I try not to be too judgmental (alright, who am I kidding?), but in their case, they really were what they looked like - - cliquish bitches. But surely I was the bigger fool for attempting to engage them in conversation. And about literature of all things! But I just couldn’t help myself when I heard them discussing Joe Meno’s Hairstyles of the Damned, a book that I had just read and liked so much that I actually went out and bought it. And then thought it would be the perfect birthday present for a friend so I bought her a copy, too. Despite the porn incident, I am still a frequent user of the Chicago Public Library, so the fact that I bought two copies of the book is a testament to how much I enjoyed reading it.

       So when I heard one of the clique girls mention the book, I turned towards their little group and said with enthusiasm, “Oh, I just read that book. Isn’t it great?” My question was met with an uncomfortable silence. I should mention that I am having this conversation on the sidelines of a soccer field where my child is participating in a ninety minute soccer camp along with their children. This was the final day of the five day camp. And I never much liked the looks of the little clique - - all huddled together every day drinking coffee and eating Starbucks pastries, dressed in expensive athletic apparel as though they were the ones participating in the soccer camp. They weren’t a very friendly group. You’d think after five days of standing around with the same group of people, a friendly smile or hello wouldn’t be out of the question. Apparently, being a cliquish bitch was too physically demanding to allow for any friendliness on their part. Perhaps that would explain their inclination to dress in athletic apparel that looked as if it never actually was used in any athletic fashion.

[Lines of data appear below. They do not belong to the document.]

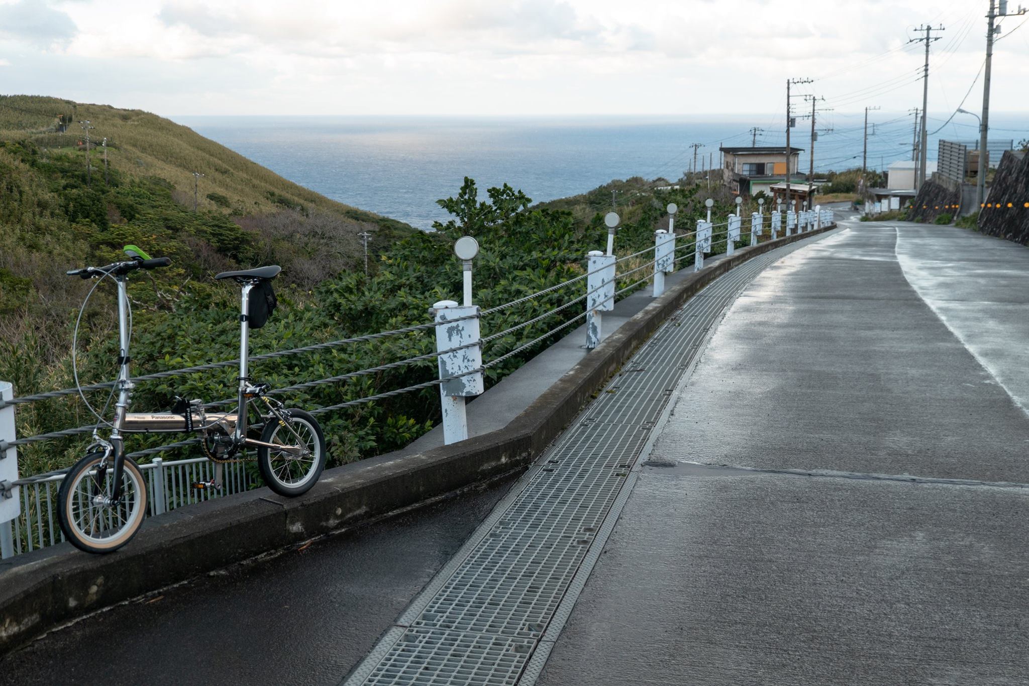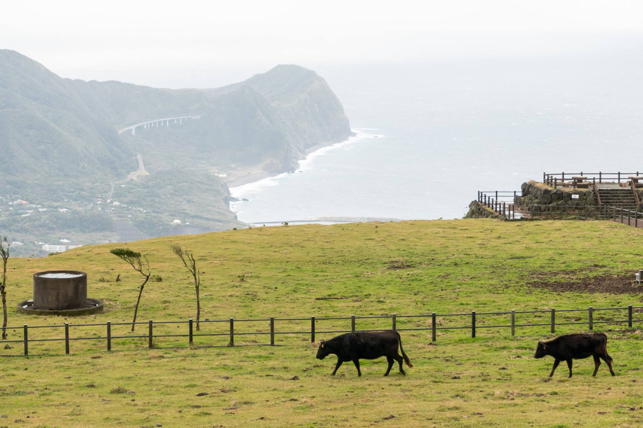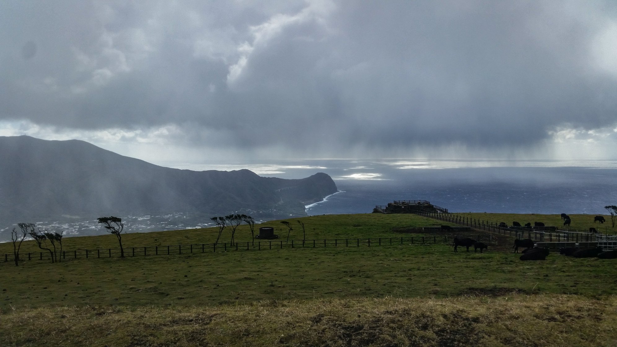 大越鼻灯台から八丈富士を巡る道路に登り、八丈富士牧野ふれあい牧場近くで、自転車に乗るが、急に風雨が強まり、すぐに車に戻る。
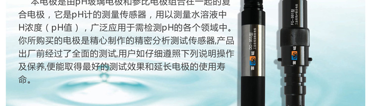 pH電極,是ph計(jì)上與被測溶液接觸的部分,用來測電極電位值的裝置。電位分析法所用的電極被稱為原電池。原電池是一個(gè)系統(tǒng),它的作用是使化學(xué)反應(yīng)能量轉(zhuǎn)成為電能,此電池的電壓被稱為電動(dòng)勢。此電動(dòng)勢由二個(gè)半電池構(gòu)成。其中一個(gè)半電池稱作測量電極,它的電位與特定的離子活度有關(guān);另一個(gè)半電池為參比半電池,通常稱作參比電極,它一般與測量溶液相通,并且與測量儀表相連。pH復(fù)合電極是將pH指示電極和參比電極組合在一起的電極,根據(jù)外殼材料的不同可分為塑殼和玻璃兩種。相對(duì)指示電極而言,復(fù)合電極使用比較方便。
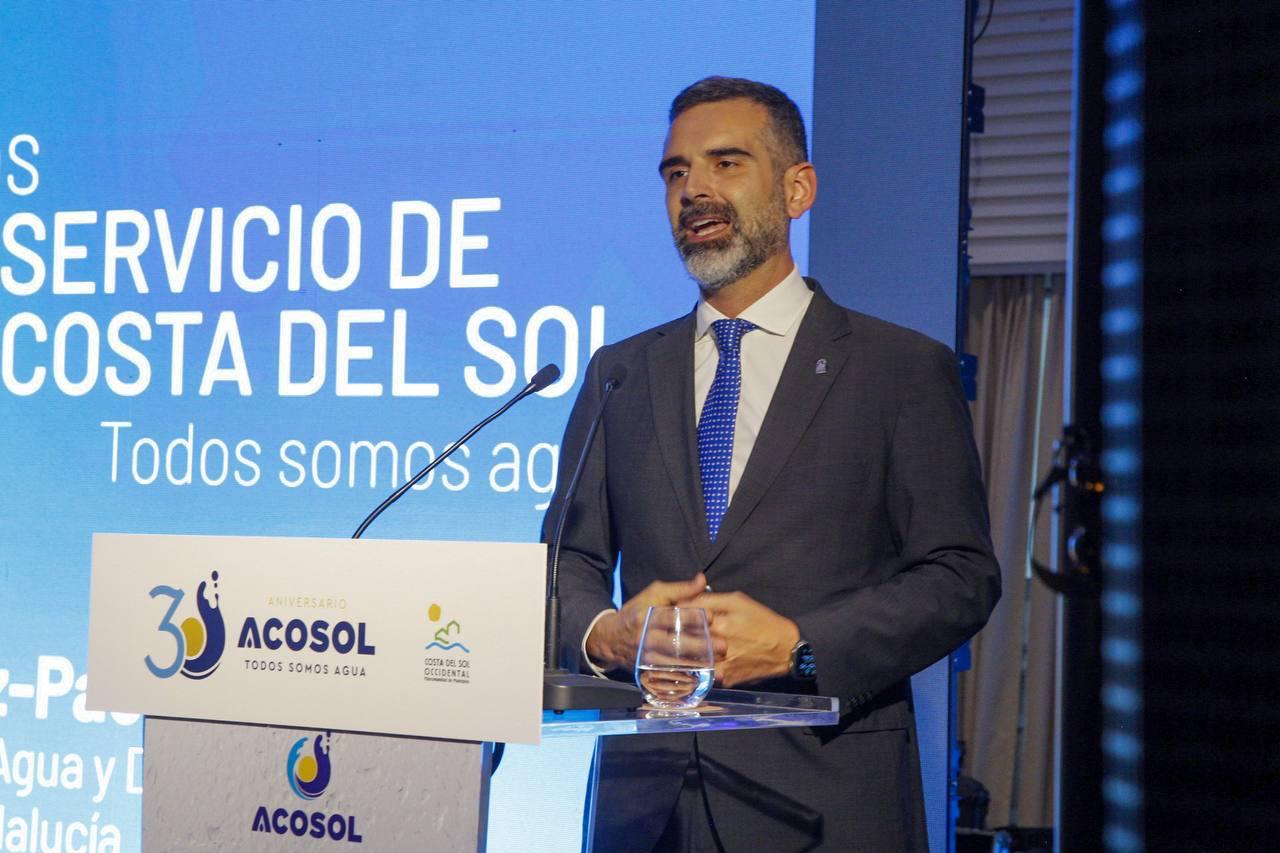 El consejero ha resaltado el avance y evolución de Acosol al frente de una comarca tan grande y habitada en la provincia de Málaga como es la Costa del Sol. Sobre el 30 aniversario de Acosol, Fernández-Pacheco ha agradecido el compromiso que esta empresa ha demostrado durante estos años con la modernización de las infraestructuras hidráulicas, la mejora continua de los servicios prestados a los ciudadanos y el desarrollo de políticas de eficiencia hídrica. Un agradecimiento y una felicitación que ha hecho extensible a todo el equipo directivo y a sus trabajadores, “responsables de un trabajo bien hecho, que convierte a esta entidad en ejemplo de gestión eficiente y sostenible del agua en nuestra comunidad”.
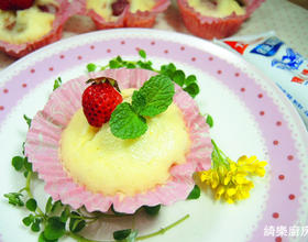 把芙蓉糕液舀进杯子烘焙纸里面,8分满
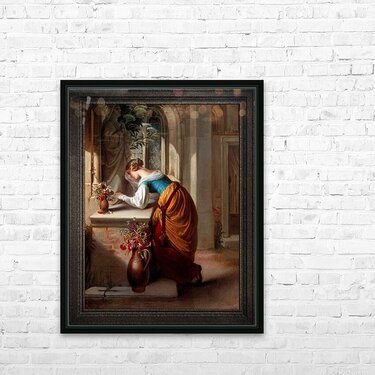 Gretchen vor der Statue der Heiligen Maria by Adam Vogler Classical Art Old Masters Reproduction Picture Frame Printing
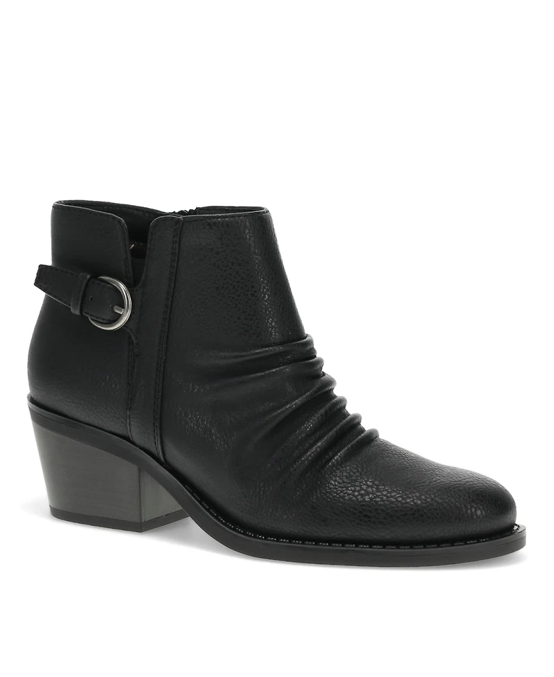 The Baretraps Linnea Ruched Bootie is a stylish and comfortable option crafted with your needs in mind. Made with materials, this bootie prioritizes design without compromising on quality.The cushioned insole provides all-day comfort, while the inside zipper closure ensures a secure and easy fit. The almond toe shape offers a sleek, modern silhouette, complemented by the eye-catching metal buckle ornament.One of the standout features of the linnea bootie is the ruching detail on the forefoot, adding a touch of texture and visual interest to the design. Topping it off is the wrapped block heel, providing both stability and a touch of height for a flattering, versatile look.

       Finally, after looking at me as if I was quite insane, one of the clique actually responds. It is the martyr mom teacher to be that speaks. I know she is going to be a teacher because she has spent the past five days whining about how difficult her education classes are and how she routinely has to get up at five in the morning to read. "Oh,” she says to me, in a subtle like any of us really cares what you think voice that I can visualize her using on her students, “did you like that book? I guess maybe it’s okay. But I have to read it for a literature course!” She emphasizes the word “literature” as if that explains everything.

       “Oh, right,” I say, in a serious tone. “I thought it was a great book. But I suppose Joe Meno isn’t Shakespeare. I mean, sure they both write about a universal human experience,” they continue to look at me in disbelief. I’m not sure if it is because of my comments, or if it is because of my appearance. Perhaps both. I am holding a slightly moldy bike water bottle in my hand instead of the requisite cup of Starbucks. (I noticed it was moldy in the morning as I filled it, but didn’t have time to find a different bottle. And, as it had probably been moldy for some time, I figured it hadn’t done me any harm so why worry about it.) I am not wearing an expensive athletic ensemble, but rather my summer running outfit which consists of ill fitting shorts and a t-shirt that makes me look like I am a box and not a female. My hair is wind blown and wild and I probably smell bad as I had recently finished running laps around the soccer fields. Quite frankly, I would likely give me looks, too. Nice people, though, wouldn’t be so obvious in their disdain. Undeterred, I continue, “But I guess, yeah, you’d probably much prefer reading Shakespeare at five in the morning. Shakespeare can be pretty hard to get through and Hairstyles of the Damned was a lot of fun to read. I can see what you mean about it not being literature.”

       Martyr mom teacher to be looks confused at first, but then smiles when she interprets my comments to mean that I agree with her. “I know, right?” she actually says. I desperately want to reply, “as if!”, but cannot, surprisingly, allow myself to be so rude. At this point, happy that I am on her side, martyr mom teacher to be now confidently plants her hands on her hips and begins a soliloquy which basically just restates her position that it is truly awful to have to read good fiction in a literature class. The why questions begin in earnest in my brain. Why did I have to jump into their conversation? Why didn’t I learn when I was nine? Why does this horrible person have to become a teacher?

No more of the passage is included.